The study has clearly shown ways to help evolve the fuel market so that there is greater visibility of wholesale petrol and diesel prices and so that the country's band of growing smaller distributors can continue growing.
People may not be getting all the loyalty discounts potentially available to them but that's a long way short of being "fleeced."
And the fact that the smaller retailers are growing is an important point. After a decade in the early 2000s when many smaller communities lost their petrol stations – the number of outlets is increasing again, in a market where total volumes are flat.
Importer margins – as best they can be estimated – appear to have stabilised after rising since 2008. Fuel prices in places like Upper Hutt, Rangiora and Rolleston, where the likes of Waitomo, NPD and Allied Petroleum have opened new outlets, have fallen.
If anything, the study has demonstrated just how diverse the business models and offers in the industry have become to maintain viable choices for consumers right around the country.
Market studies are meant to be an assessment of competition and it's important to get this first one right.
Because, by their nature, these studies will be initiated by politicians. The commission may or may not recommend action, but it will be politicians that then take the next steps. So the studies have to be watertight.
Unfortunately, many of the issues in dispute last week – particularly the way the commission tried to assess industry profitability – had been flagged as problematic by firms back in February. Why were the parties still so far apart?
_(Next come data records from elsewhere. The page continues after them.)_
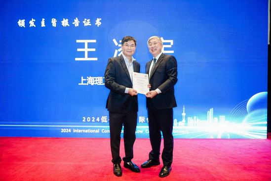 王凌宇(右一)为窦世学颁发主旨报告证书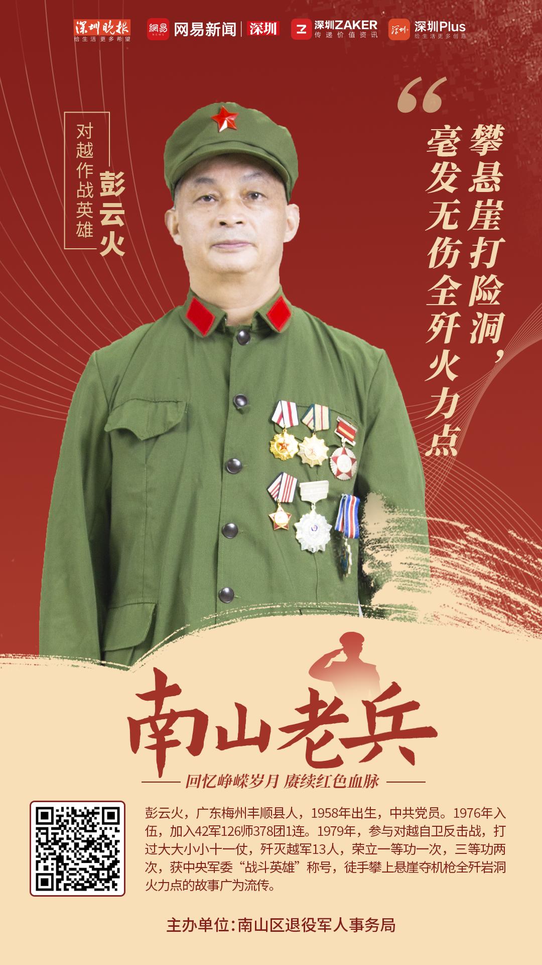 63岁的彭云火,年轻时参与对越自卫反击战,他徒手攀上悬崖夺机枪全歼岩洞火力点的故事广为流传,歼灭越军13人,荣立一等功一次,三等功两次,获中央军委“战斗英雄”称号。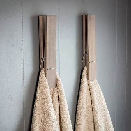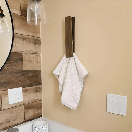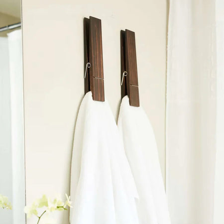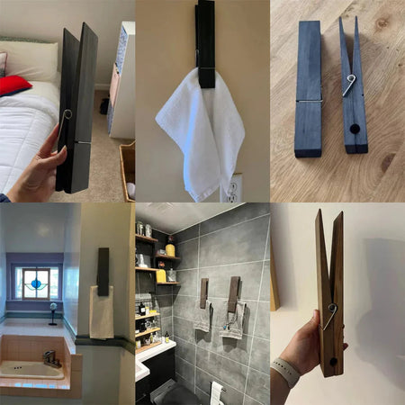 JumboGrip bringer et strejf af vintage elegance til dit badeværelse eller vaskerum, mens håndklæder og sengetøj holdes pænt organiseret. Designet som en overdimensioneret tøjklemme, tilføjer denne unikke holder en dekorativ accent til dine vægge, mens den tilbyder et sikkert greb til håndklæder, tøj eller tilbehør. Den mærkefri klæbende bagside sikrer nem montering uden at beskadige overflader.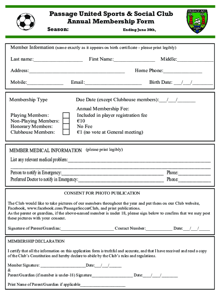 Passage United Sports & Social Club Annual Membership Form Season:Ending June 30th,Member Information (name exactly as it appears on birth certificate please print legibly) Last name:___First Name:___Address:___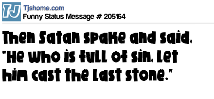 X says Then Satan spake and said, "He who is full of sin, let him cast the last stone."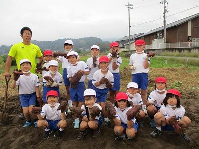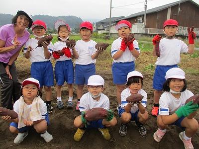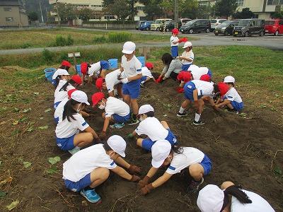 1,2年生がサツマイモほりを行いました。夏は雑草の中に隠れるような状態でしたが、たくましく育っていました。大きなサツマイモが出てくると大きな歓声があがり、とても楽しそうに芋掘りをしていました。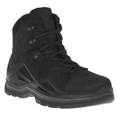 Ботинки PREPPER HIGH GTX Prabos, цвет Black — функциональная обувь для города, туризма и тактики. **Материал верха:** нубуковая кожа (прочная, дышащая, водоотталкивающая). **Подкладка:** мембрана Gore-tex Carbon Grey (100% защита от влаги). **Подошва:** многоуровневая Vibram EXPLORER...
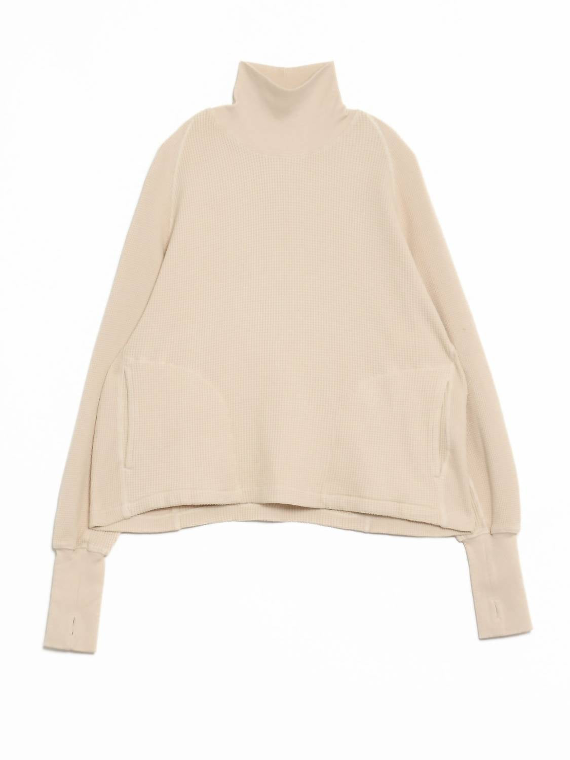 This waffle-knit rollneck is made from heavyweight 100% cotton and features raglan sleeves, curved in-seam front pockets, and elongated cuffs with thumb holes. Its textured knit and thoughtful details provide warmth, comfort, and a contemporary, relaxed silhouette.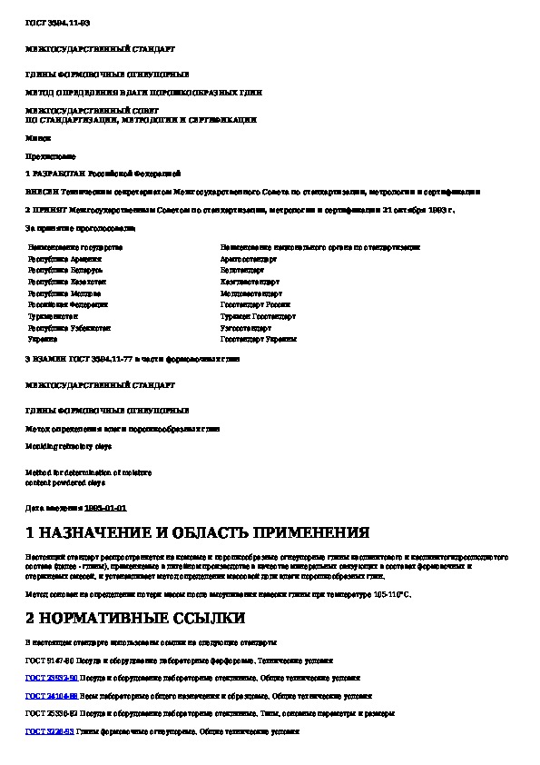 Наша цель состоит в том, чтобы предоставить вам быстрый доступ к содержанию документа Глины формовочные огнеупорные. Метод определения влаги порошкообразных глин.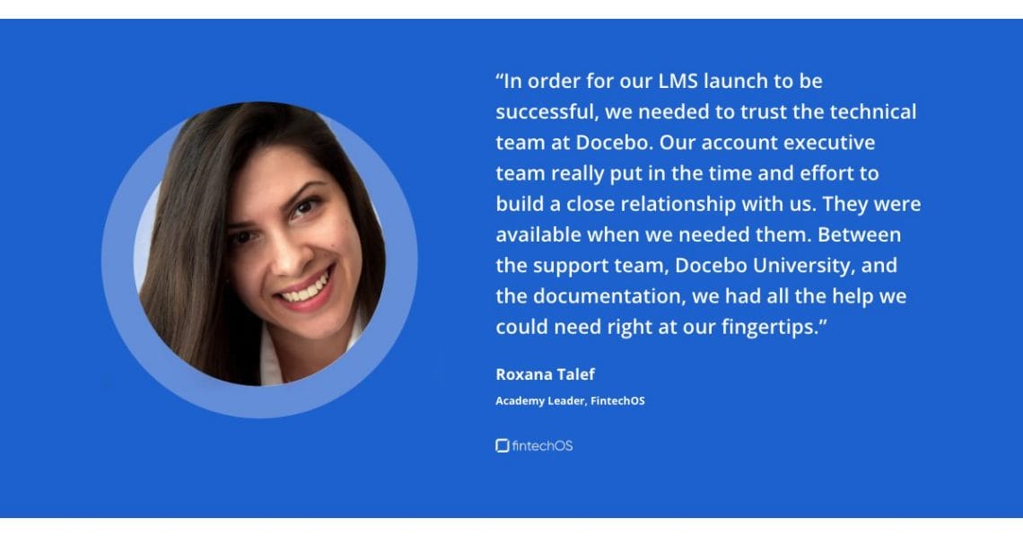 This may feel like a lot to consider, but you can achieve amazing results relatively quickly. For example, FintechOS is a technology company that helps banks, financial institutions and insurers launch new products. But when they wanted to launch a new learning academy for their employees and partners, they chose Docebo. With Docebo’s help, they went from procurement to launch in just nine weeks. And that academy has had an incredible impact, with 5-7 full courses completed per user.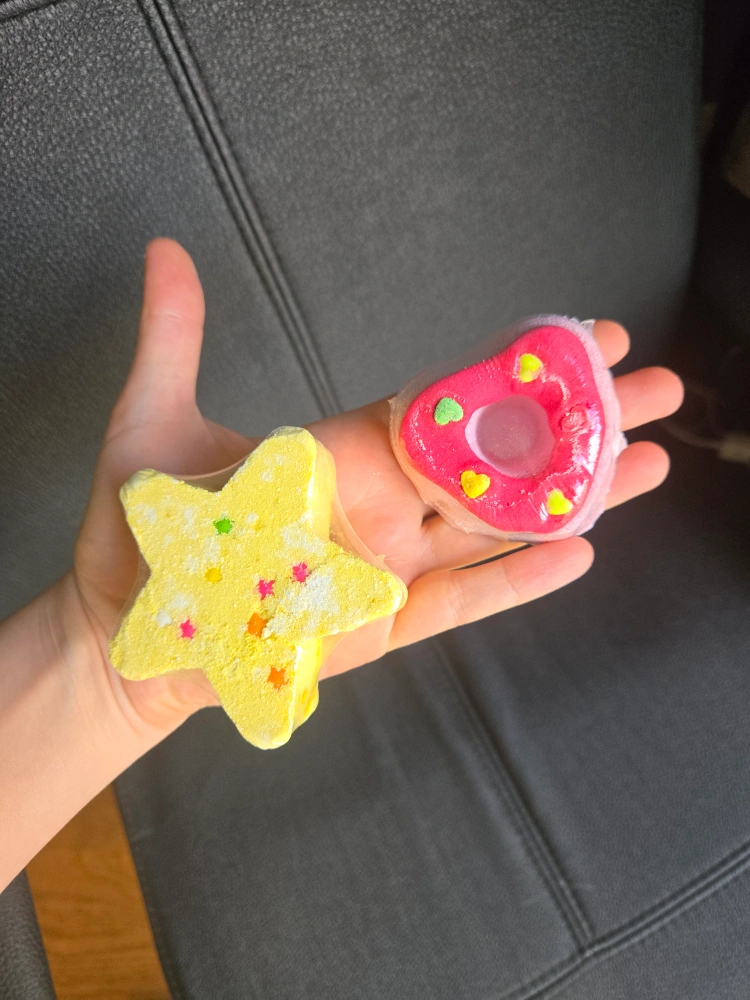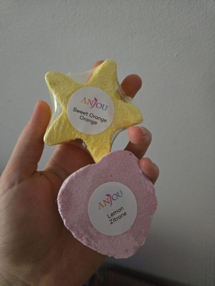 Two cute bath bombs from Anjou! One is star-shaped with a sweet orange scent, and the other is heart-shaped with a refreshing lemon scent.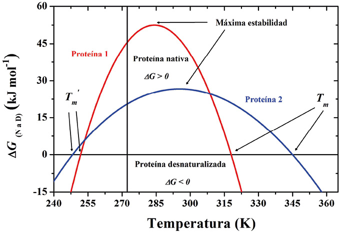 La curva de estabilidad en la figura 2 delimita el rango de temperatura en el cual el estado nativo es estable; esto ocurre a las temperaturas donde ΔG > 0 y por tanto la desnaturalización es no espontánea. La temperatura a la cual el valor de ΔG es máximo se conoce como la temperatura de máxima estabilidad. Fuera de ese intervalo ΔG < 0, la desnaturalización es espontánea y el estado estable es el desnaturalizado D. La figura 2 también muestra que hay dos temperaturas (Tm y Tm') a las cuales ΔG = 0. Coloquialmente, la Tm se conoce como la temperatura de desnaturalización "por calor", mientras que Tm' representa la temperatura de desnaturalización "por frío". Es importante aclarar que, como se verá más adelante, las proteínas no se desnaturalizan a una sola temperatura sino en un intervalo de temperaturas. Para la mayor parte de las proteínas no es posible medir experimentalmente su Tm' ya que esta es menor a la temperatura de congelación del medio acuoso (aproximadamente 273.15 K).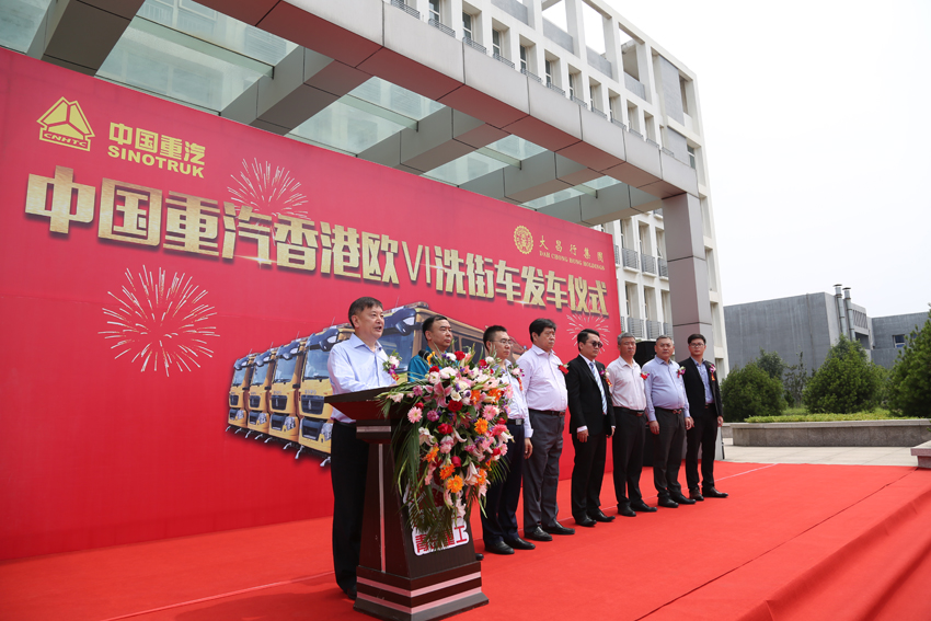 合德汽车有限公司高级经理马克在致辞中表示,本次发车仪式,象征着中国重汽集团与大昌行集团面对香港市场,精诚合作、再次出发。自2013年以来,已经有近千台中国重汽的车辆在香港挂牌,涵盖的范围包括载货车,牵引车,码头牵引车,随车吊,勾臂车,水泥搅拌车,自卸车等。这次市政环卫用车的中标,成功填补了我们在香港各类细分市场上最后的空白。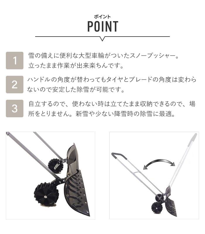 ・大型車輪がついたキャスター付きのスノプッシャー。
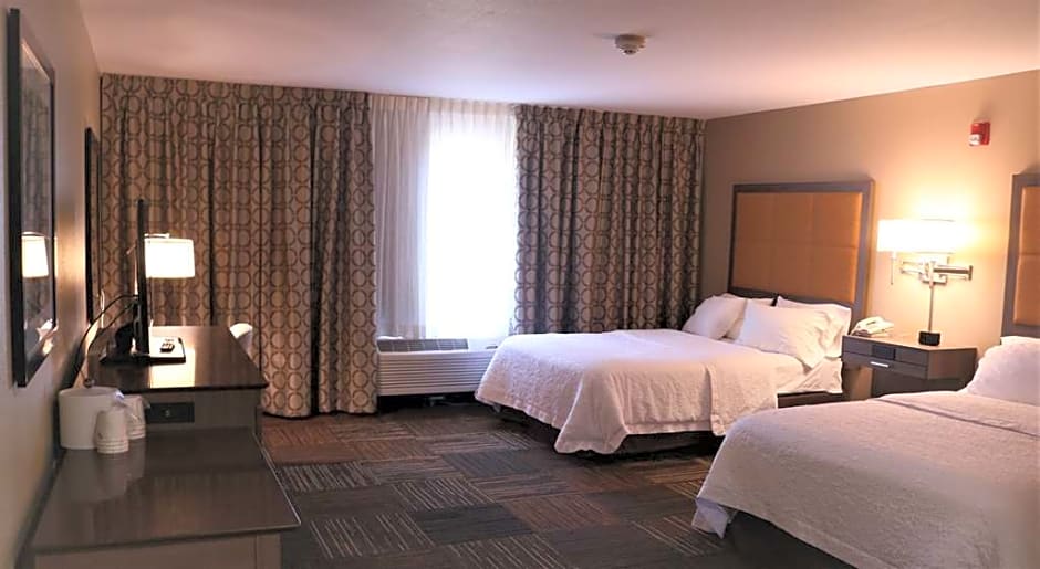Any corresponding photo may not reflect the specific accessible room type or room feature. This mobility and hearing accessible, non-smoking room features two queen sized beds, and an accessible 3x3 transfer shower. The room also has a visual alarm and notification devices for the doorbell or door knock and incoming phone calls. The room features comfortable soft seating, microwave, refrigerator, a HDTV, and easy to operate alarm clock/radio. The free high-speed internet access will help you stay connected while on the road. If you prefer not to work at the desk, you can use the convenient lapdesk instead. You'll also enjoy the convenience of having a coffee maker with tea service and iron/ironing board in your room.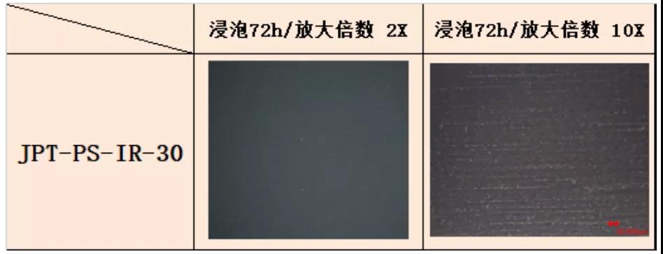 將浸泡后的銹鋼片表面放大觀察,發(fā)現(xiàn)JPT-PS-IR-30標(biāo)記的黑色經(jīng)72小時(shí)浸泡后表面未出現(xiàn)色塊脫落和褪色的情況,如下圖:
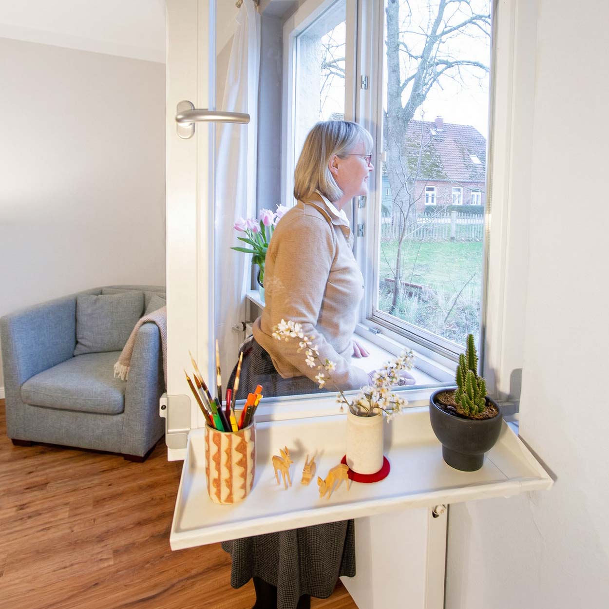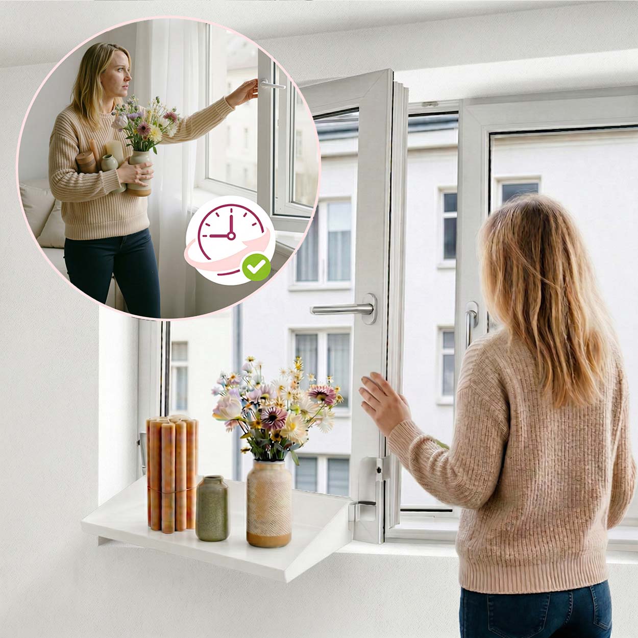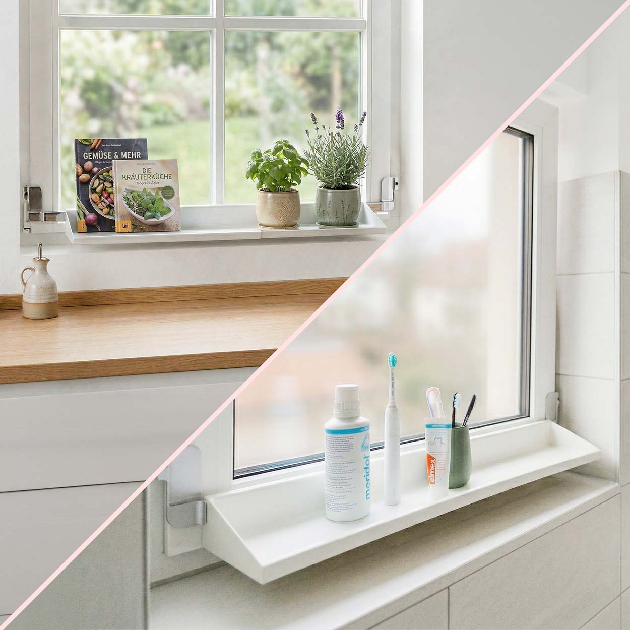 Die erste Fensterbank, die sich mit deinem Fenster mitbewegt. Für entspanntes Lüften ohne Umräumen.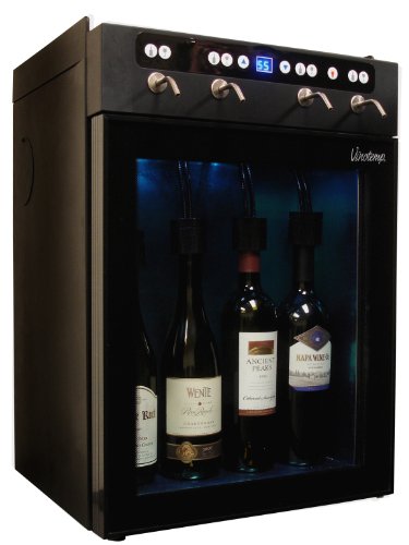 The state-of-the-art, patented VT-WINEDISP4 dispenses and preserves four-Bottles of red or white wine. It not only cools your wine but helps keep wine fresh for several weeks. With easy push button controls, you can easily dispense a perfect glass of wine (10ml) with just a touch of a button. This wine dispenser and preserver is perfect for use at home, restaurants or tastings.
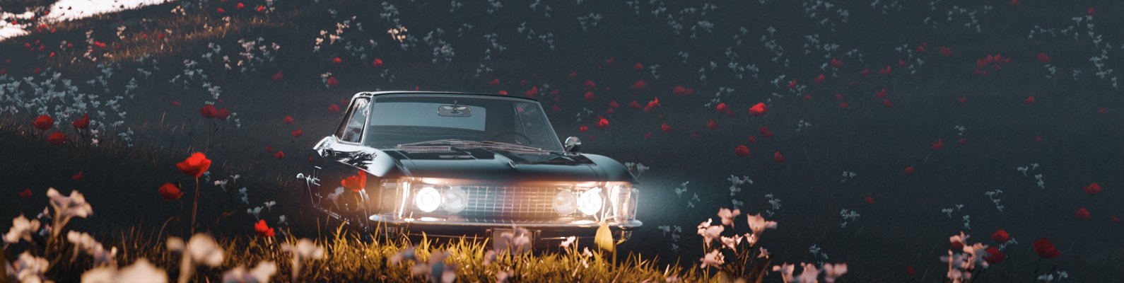 Обои: цветущее поле, машина - 1590x400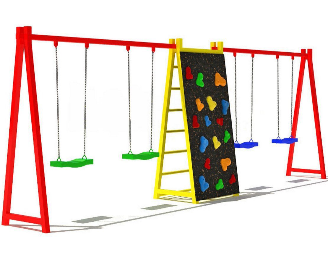 Настоящий полноценный спортивно-развлекательный детских комплекс не оставит равнодушным ни одного ребёнка. Площадка спроектирована таким образом, что одновременно может занять целую компанию детей самого разного возраста, предложив им разнообразные развлечения: качели, лесенки для лазания и даже настоящую стену для скалолазов.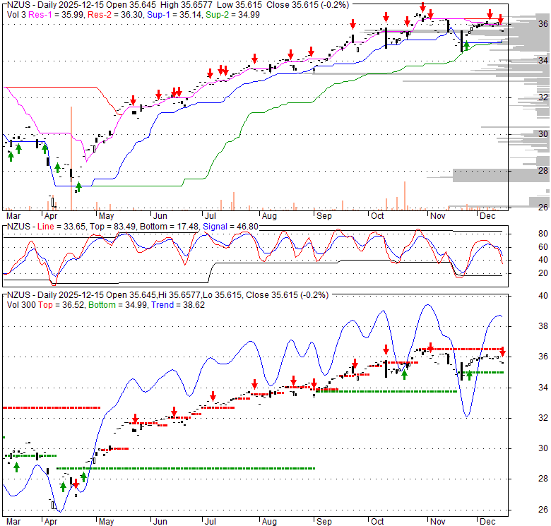 Price has closed below its short-term moving average. Short-term moving average is currently above mid-term; and above long-term moving average. From the relationship between price and moving averages: This stock is NEUTRAL in short-term; and BULLISH in mid-long term.[ NZUS ] has closed above bottom band by 30.4%. Bollinger Bands are 47% narrower than normal. The narrow width of the bands suggests low volatility as compared to its normal range. The bands have been in this narrow range for 0 bars. This is a sign that the market may be about to initiate a new trend.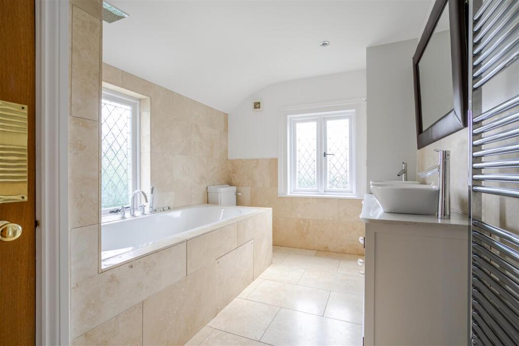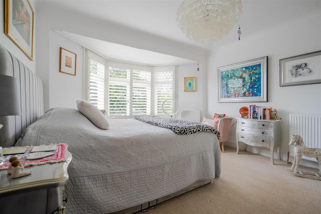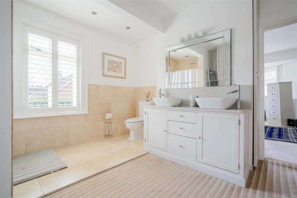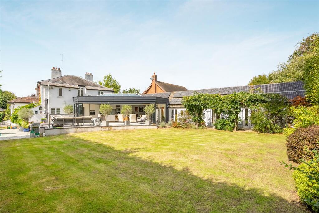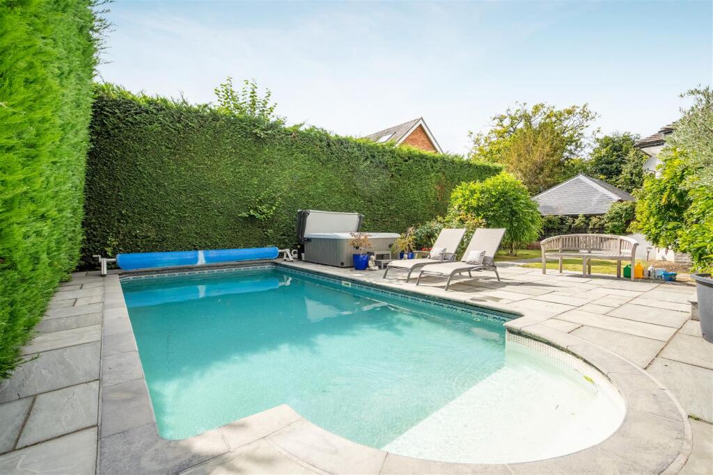 An extended four bedroom, three bathroom, double-fronted detached character home on a private road with an in and out driveway, south east facing garden and a swimming pool.

And we're not talking small differences. The commission's estimate of Z Energy's average earnings was 22 percent higher than the company's; the resulting estimated return on capital was further boosted by an $831 million – 40 percent - difference in the commission's estimate of Z's capital employed.
The complex inter-relationships between the major firms' shared coastal shipping, product imports and the borrow-and-loan scheme, had also been spelt out in earlier submissions, but its benefits and the restrictions it imposes on participants seemed only to resonate at the conference.
"That is an interesting perspective that hasn't really come through to us before," chair Anna Rawlings observed about the scheme's complex inter-relationship with imports. It's not that the commission isn't trying to do a good job. But by its own admission, it really had only six months to develop its preliminary view.
More time would have helped. An open discussion with industry earlier in the process may also have helped better frame the issues and focus the thousands of pages of evidence commissioners received.
The commission's working assumption that it will carry out one market study a year, at a cost of about $1.5 million, is cast neither in stone nor the Commerce Act. If the commission wants more time on fuel – beyond the current Dec. 5 deadline - it should ask for it.
Housing Minister Megan Woods is already musing about a potential market study into building products.
Before that goes any further there needs to be a good hard look at how you would scope a study into such a broad industry, how long the work would realistically take and the commission's resourcing to undertake it.